The danger of software suspend on servers
One of the interesting things about modern servers is that they often have the same sort of power-save support that desktops and laptops have, including the ability to be suspended in various ways. Usually this is harmless, but I am not convinced that it's a good idea in general. So, here's an amusing story to show why I feel that way.
We have some number of LTSP based X terminals that run regular X sessions on our collection of general login servers. This being the modern world, these sessions are full Gnome (or KDE) ones, and look pretty much like they would on a desktop machine (this is not always a great thing, as there are a number of applets and programs that make no sense on remote displays but don't notice this).
Once upon a time, relatively recently in fact, a user was logging out from their LTSP Gnome session and picked 'suspend' from the options menu. And, well, the machine did, because the server was capable of it and the software was willing to give it a go. Fortunately it was our least important and least used login server.
(For bonus points, the user did this on a Friday night.)
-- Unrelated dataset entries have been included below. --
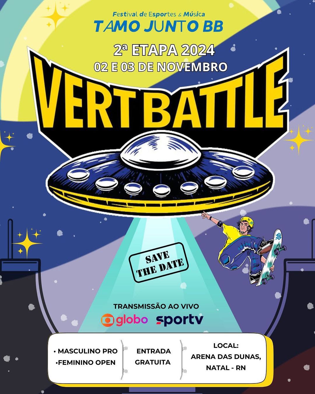 Nos dias 02 e 03 de novembro, a Arena das Dunas, em Natal (RN), receberá a última etapa do circuito brasileiro de skate vertical, o Vert Battle, maior campeonato da modalidade no Brasil, com transmissão ao vivo pelos canais Globo e SporTV.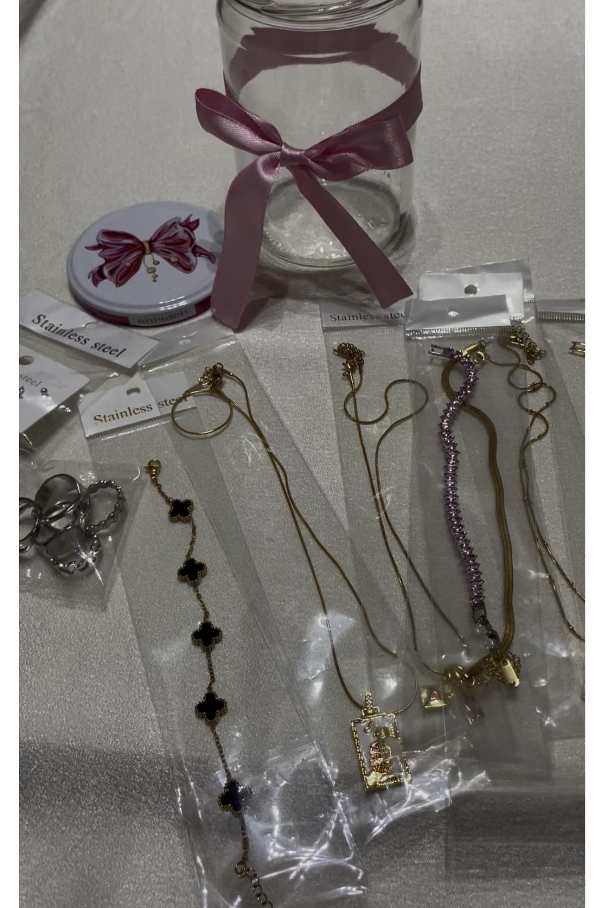 Sürpriz takı kavanozumuz full çelik ürünlerden oluşmaktadır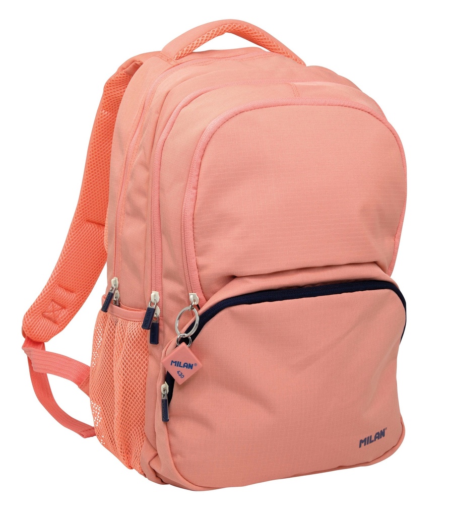 School backpack with 4 zips.1918 series, pink colour.Inspired by the original colors and design of MILAN erasers, manufactured in Spain since 1918.Main compartment with a protective laptop sleeve.3 front compartments.2 quick-access mesh side pockets.Adjustable straps, padded and breathable back, reinforced base and trolley sleeve.The front pocket includes a 430 eraser key ring on the zipper handle.Navy blue inner lining printed with a grid that evokes the shape of MILAN erasers.'Ripstop' outer fabric: light and resistant to riping and tearing.It uses a special technique that weaves thick, reinforcement threads at regular intervals creating a crosspatch pattern.Fabric composition: polyester outer fabric and inner lining.Dimensions: 46.5 x 30 x 17 cm.Capacity: 25 litres.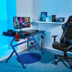 HOMCOM LED Light Gaming Desk Computer Steel Frame Cup Holder Headphone Hook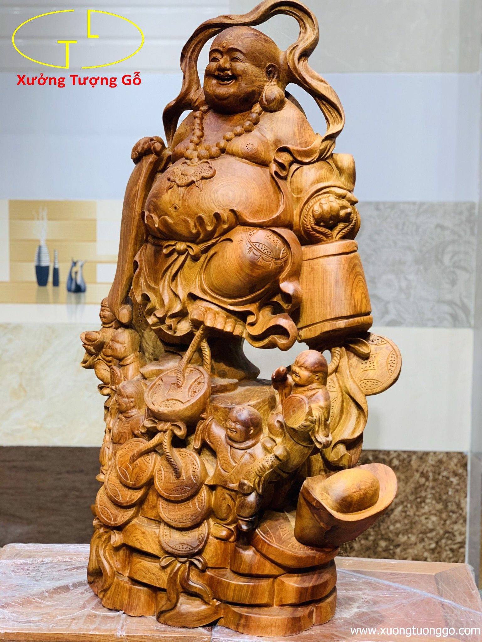 Mời các bác cùng chiêm ngưỡng tác phẩm Di Lặc ngũ phúc đứng tùng vô cùng độc đáo hoàn mỹ và nếu các bác đang tìm kiễm một tác phẩm phong thủy đem lại tài lộc, danh vọng cùng may mắn an vui cho gia đình thì còn chần chờ gì mà không sở hữu ngay cho mình bức tượng Di Lặc ngũ tiểu đứng tùng của Xưởng Tượng Gỗ.
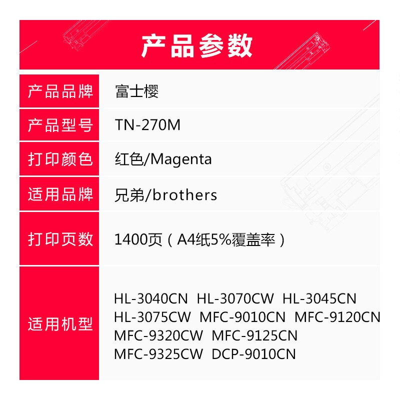 - 富士樱 TN-270M 红色墨粉 适用兄弟HL-3040/3045CN 3070/3075CW MFC-9010/9120/9125CN DCP-9010CN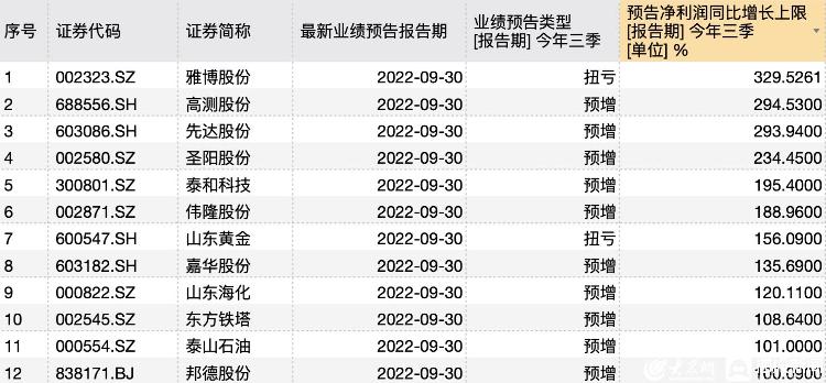 12家鲁企预计前三季度净利翻倍,雅博股份净利预增超3倍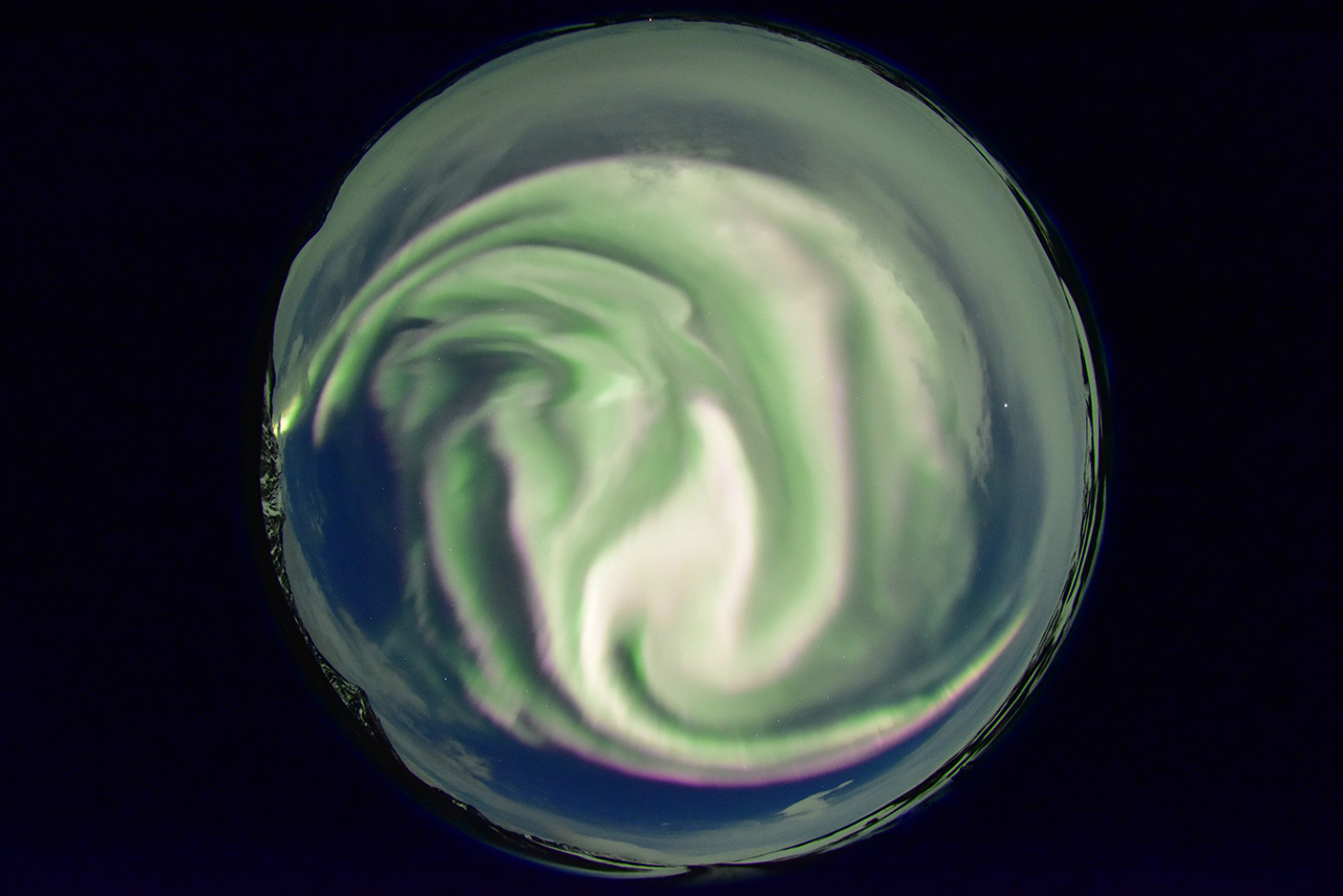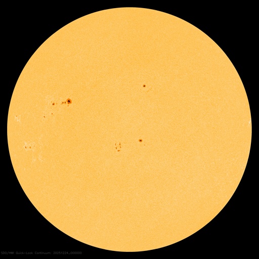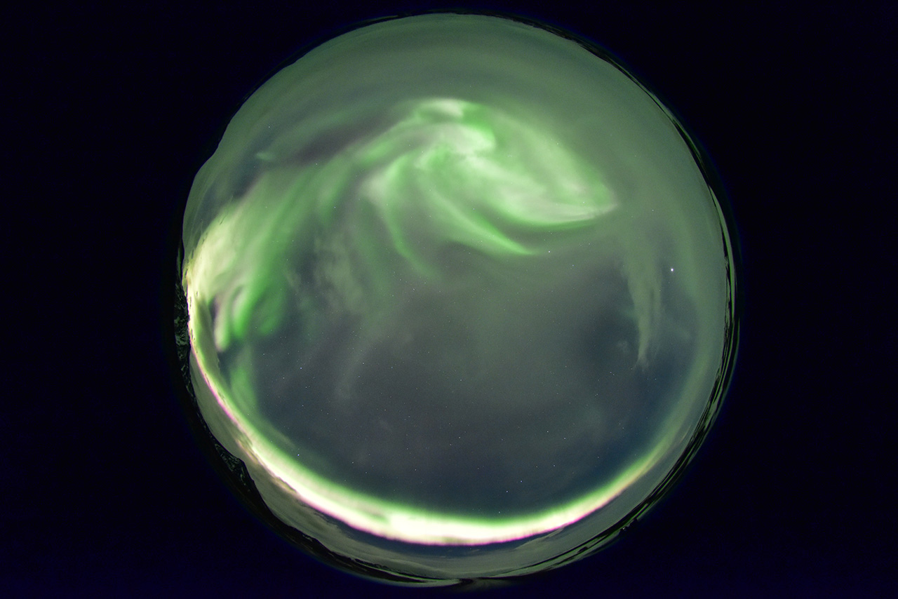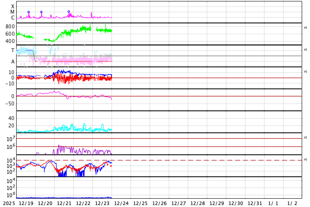 2025/12/24 09:53 更新 高速の太陽風が続き、磁気圏も活動的です。アイスランドのオーロラをどうぞ。 担当 篠原 アイスランドに滞在中の藤井哲也さんと高家幹夫さんより、 現地22日に撮影されたオーロラの写真をいただきました。 太陽風の速度は700km/秒とかなり高く、 AE指数は、22時頃まで700nT程度の中規模の変化が続いていました。 現地は、20時から21時半くらいまで晴れ間があったそうで、 ちょうど良いタイミングで観測できた様です。 光害のほとんどない場所で、月明かりもなく理想的な観測条件だったそうです。 1枚目は晴れてオーロラが見え始めた頃で、2枚目で少し強くなり、 3枚目で一気に激しい輝きが空を覆っています。 4枚目はその1分後とのことで、 短い時間にオーロラの姿が大きく変わる様子が想像できます。 5枚目は、北の空を撮影したもので、 右側に北斗七星、その左に北極星、 上側の真ん中付近にカシオペヤ座が見えています。 山に積もった雪がオーロラに照らされて、 緑色に見えているのがとてもきれいです。 この後、空は雲に覆われてしまったそうです。 最初の頃の写真と比較すると、 太陽風が強まってオーロラの活動が活発になっている様子がとてもよく分かります。 一週間にわたる観測の報告をどうもありがとうございます。 現在の太陽風は、速度が700km/秒から680km/秒へ少し下がっています。 速度がかなり高まっている状態は続いています。 磁場強度は6nT前後で、平均的な状態です。 磁場の南北成分は、弱い南寄りになっています。 磁気圏の活動は活発で、 AE指数は、500〜800nTの中規模の変化が次々に発生しています。 藤井さんの報告の様に、 極域では賑やかなオーロラが続いているのではないでしょうか。 SDO衛星AIA193の太陽コロナ写真を見ると、 高速の太陽風をもたらしているコロナホールは、 西側(右側)の赤道付近から、左下へ向かって南半球の高緯度側に広がり、 その左側では中緯度側へ上がっています。 この左側の広がりは、前周期は見られなかった領域で、 この部分からも影響がやって来ると考えると、 太陽風の強まりは、この後も1週間程度続くかもしれません。 太陽は、X線グラフに目立った変化はなく、 穏やかな状態です。 可視光写真では、黒点が増えて少し賑やかになっています。

Now, part of how this happened was our slipup for not configuring Gnome to disable that particular feature (although, frankly, I blame Gnome for defaulting to allowing a remote session to suspend the machine). But part of it was because modern servers can be suspended, despite this not necessarily making a lot of sense.
(For extra amusement value, we almost didn't notice that this was what had happened, because when we came in on Monday morning it looked like the machine had spontaneously powered down so we just hit the power button and went on our way. We only clued in when we noticed an unusually large uptime for a machine that had been powered on that morning and then looked at the kernel logs.)